Abstract

Adrian J. Wallbank, "Literary Experimentation in Rowland Hill's Village Dialogues: Transcending 'Critical Attitudes' in the Face of Societal Ruination" (pp. 1–36) In the aftermath of the French "Revolution Controversy," middle-class evangelical writers made a concerted effort to rehabilitate the moral fabric of British society. Hannah More's Cheap Repository Tracts (1795–98) are recognized as pivotal within this program, but in this essay I question whether they were really as influential as has been supposed. I argue that autobiographical evidence from the period demonstrates an increasing skepticism toward overt didacticism, and that despite their significant and undeniable penetration within working-class culture, the Cheap Repository Tracts, if not all "received ideologies," were increasingly being rejected by their readers.
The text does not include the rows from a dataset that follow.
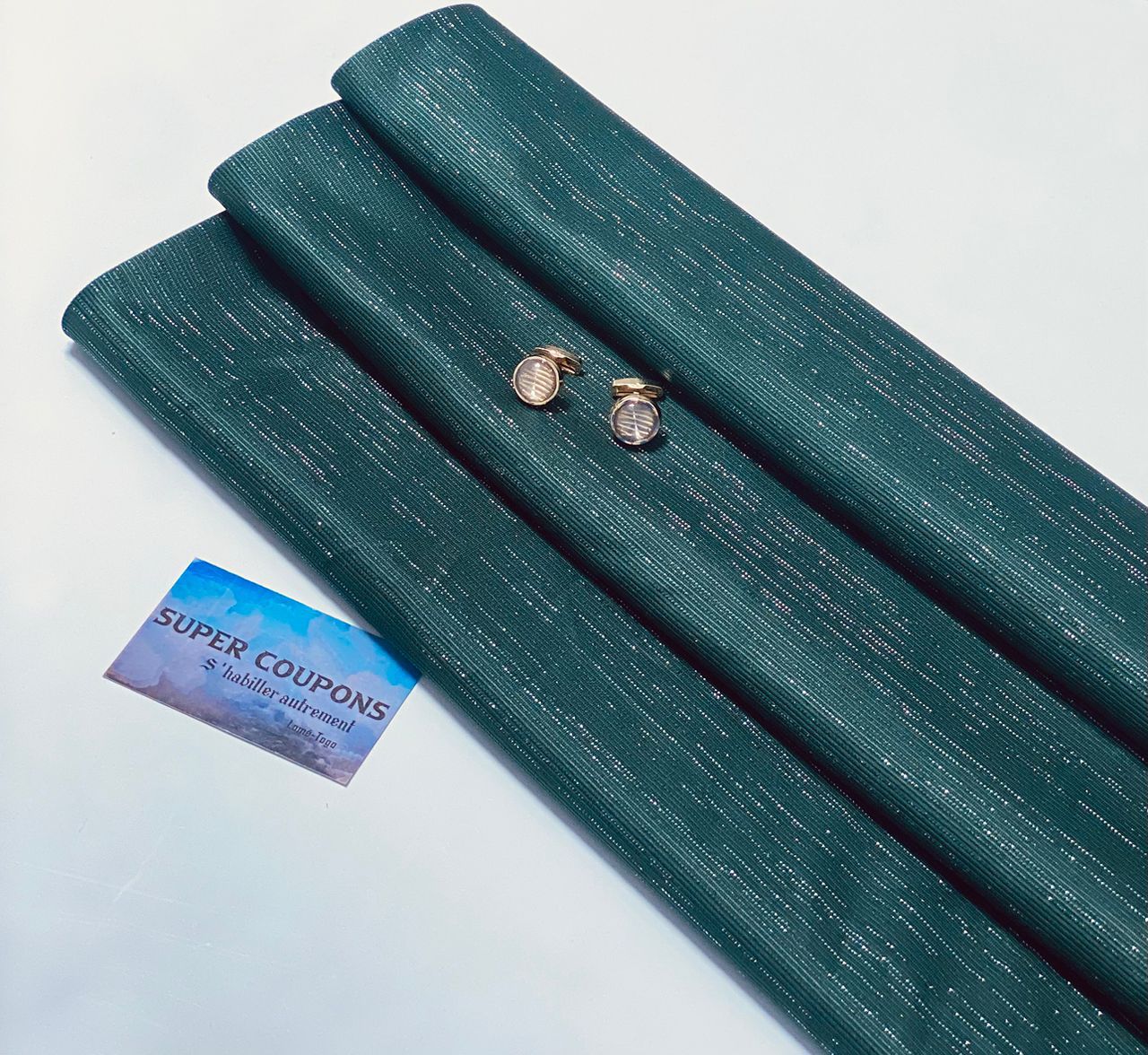 Ce coupon de tissu vert brillant est conçu pour la confection de costumes et de tenues élégantes. Son aspect légèrement scintillant apporte une touche de luxe et de distinction, parfait pour ceux qui veulent un style remarquable.
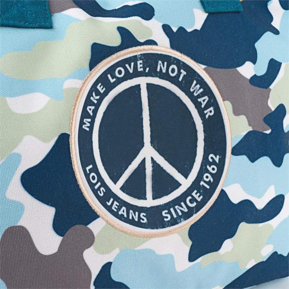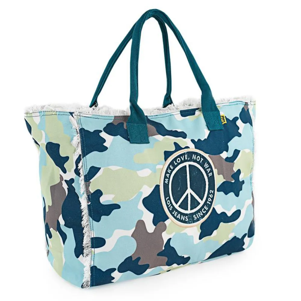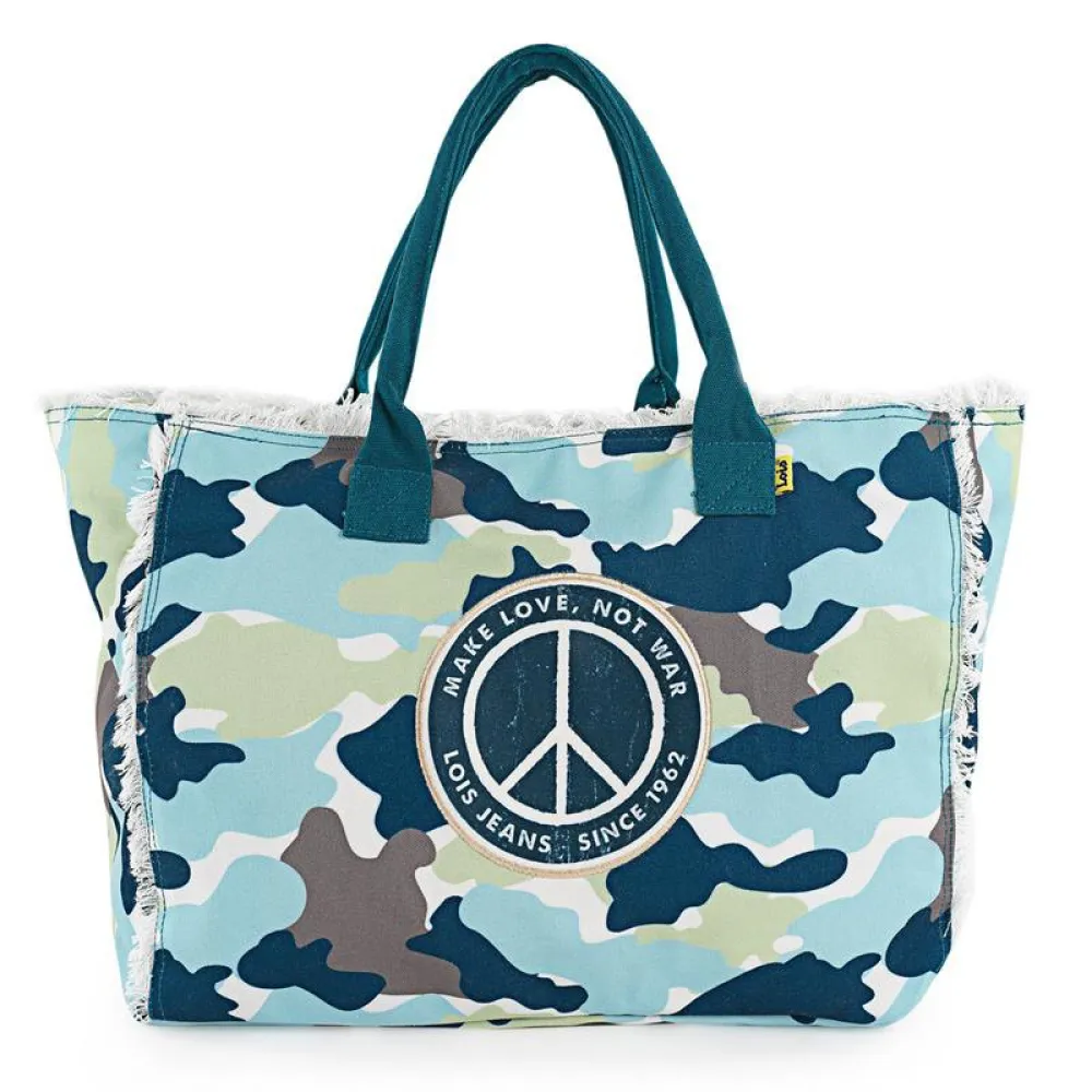 Womens T-shirt bag of the Lois brand. Original design unique and exclusive of the firm. For the manufacture of our resistant beach bags we use 100% cotton inside and 100% canvas for the outside. They can be closed with a zipper and are ideal for the beach, shopping, festivals, etc. They belong to the large formats and offer an incredible amount of storage space. They also have an interior zippered compartment. They belong to the large formats and offer an incredible amount of storage space. They also have an interior zippered compartment. Measures: 44x34x18 cm. Weight: 0.44 kg. Material: Polyester-Cotton.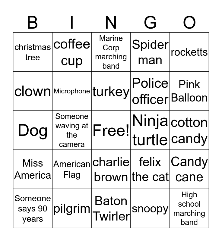 This bingo card has a free space and 26 words: charlie brown, snoopy, turkey, pilgrim, rocketts, christmas tree, clown, coffee cup, cotton candy, felix the cat, Police officer, Dog, Candy cane, Someone says 90 years, Someone waving at the camera, Horse, Spider man, Miss America, Marine Corp marching band, High school marching band, Pink Balloon, Baton Twirler, Ninja turtle, American Flag, Microphone and Toy Soldier.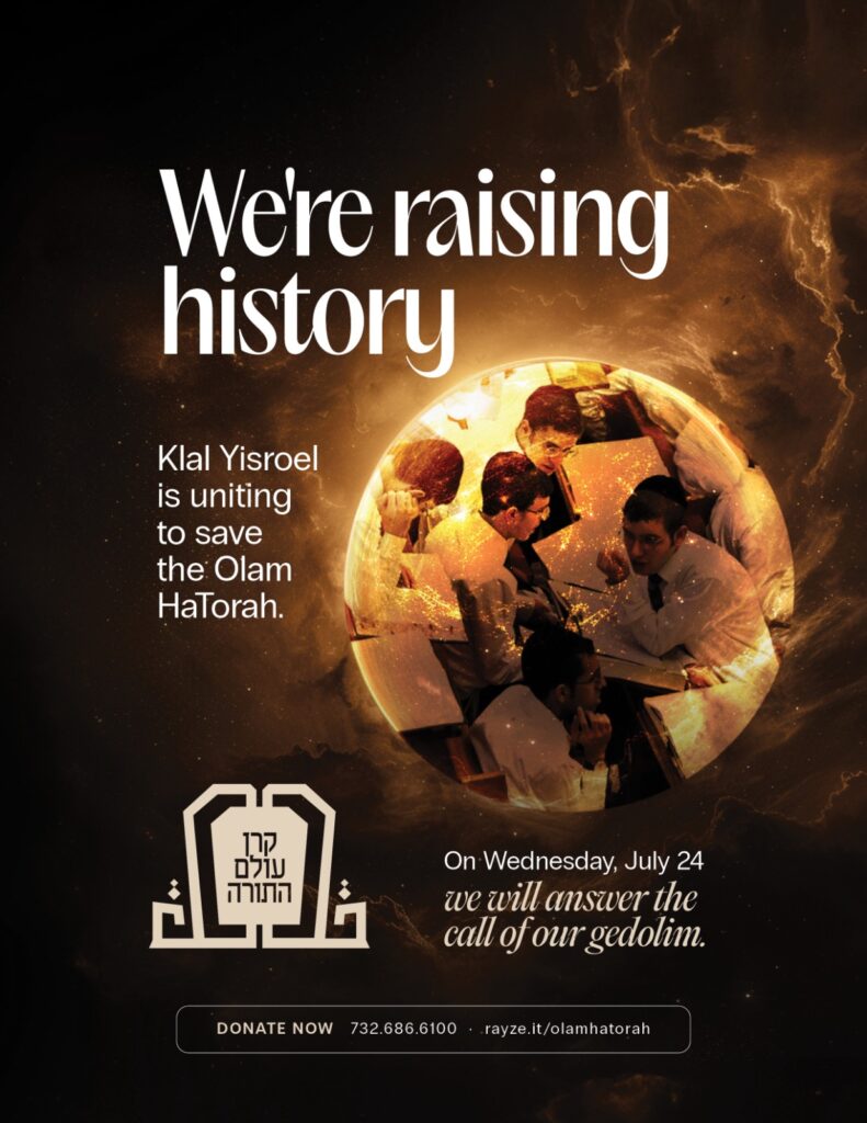 Wednesday, July 24th is the day we prove our commitment to Torah and our dedication to Klal Yisroel. Stand with us, support Keren Olam HaTorah, and become part of this historic movement.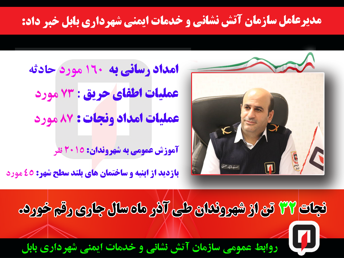 ۱۶۰ مورد حادثه در آذر ماه سال جاری توسط آتش نشانی بابل ثبت شد که به تفکیک ۷۳ مورد آتش سوزی و خدمات ایمنی و ۸۷ مورد عملیات نجات بوده است که منجر به نجات ۳۲ تن از شهروندان گردیده است.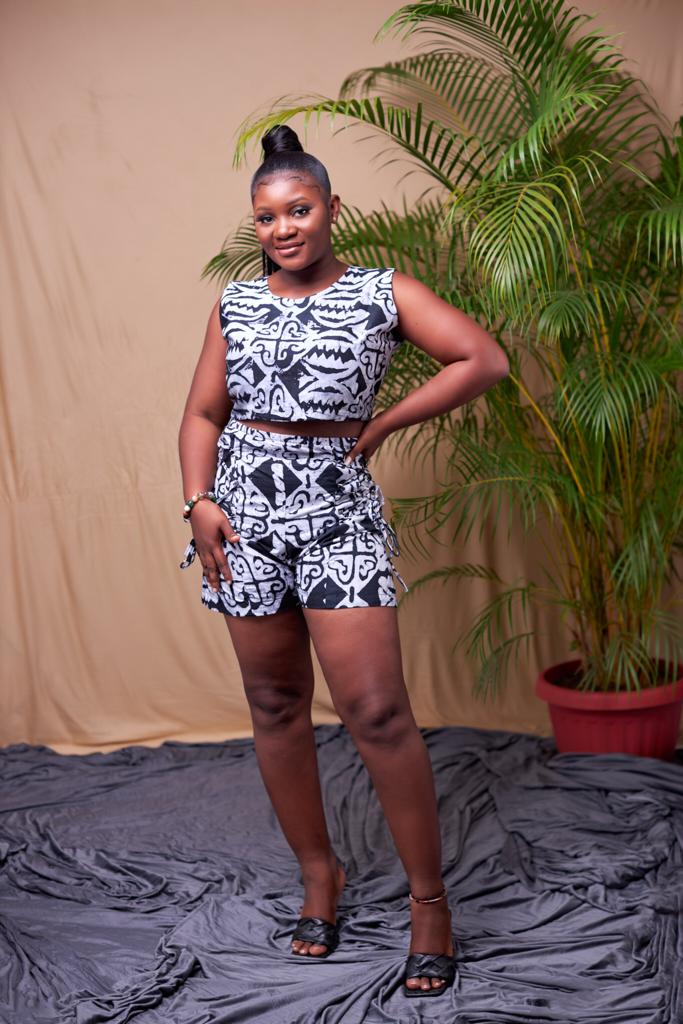 • Black And White Ghana Batik Tie and Dye  2 Piece Set Crop Top And Lace Up High Waist Shorts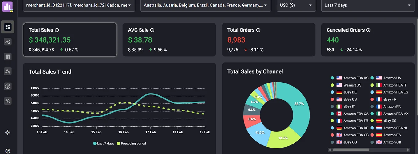 • Finanzielle Dashboards. Verfolgen Sie Gewinne, Verkaufstrends, Erstattungen, Gebühren und Kostenaufschlüsselungen auf Produkt- und Kontoebene. Händler können Standard-COGS festlegen, den ROI pro SKU überwachen und historische Daten für Prognosen und Planung anzeigen.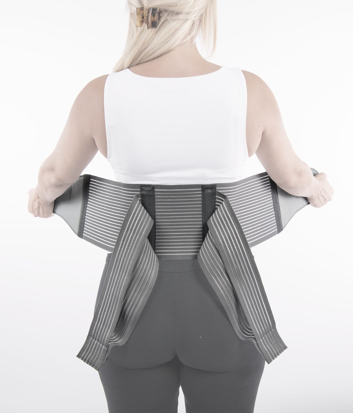 - Расположите изделие на теле так, чтобы средняя полоска была точно по оси позвоночника.

This essay examines the important contribution that Rowland Hill's Village Dialogues (1801) made to this arena. Hill, like many of his contemporaries, felt that British society was facing ruination, but he also recognized that overt moralizing and didacticism was no longer palatable or effective. I argue that Hill thus experimented with an array of literary techniques—many of which closely intersect with developments occurring within the novel and sometimes appear to contradict or undermine the avowed seriousness of evangelicalism—that not only attempt to circumvent what Jonathan Rose has described as the "critical attitudes" of early-nineteenth-century readers, but also effectively map the "transitional" nature of the shifting literary and social terrains of the period. In so doing, Hill contributed signally to the evolution of the dialogue form (which is often synonymous with mentoring and didacticism), since his use of conversational mimesis and satire predated the colloquialism of John Wilson's Noctes Ambrosianae (1822–35) and Walter Savage Landor's Imaginary Conversations (1824–29).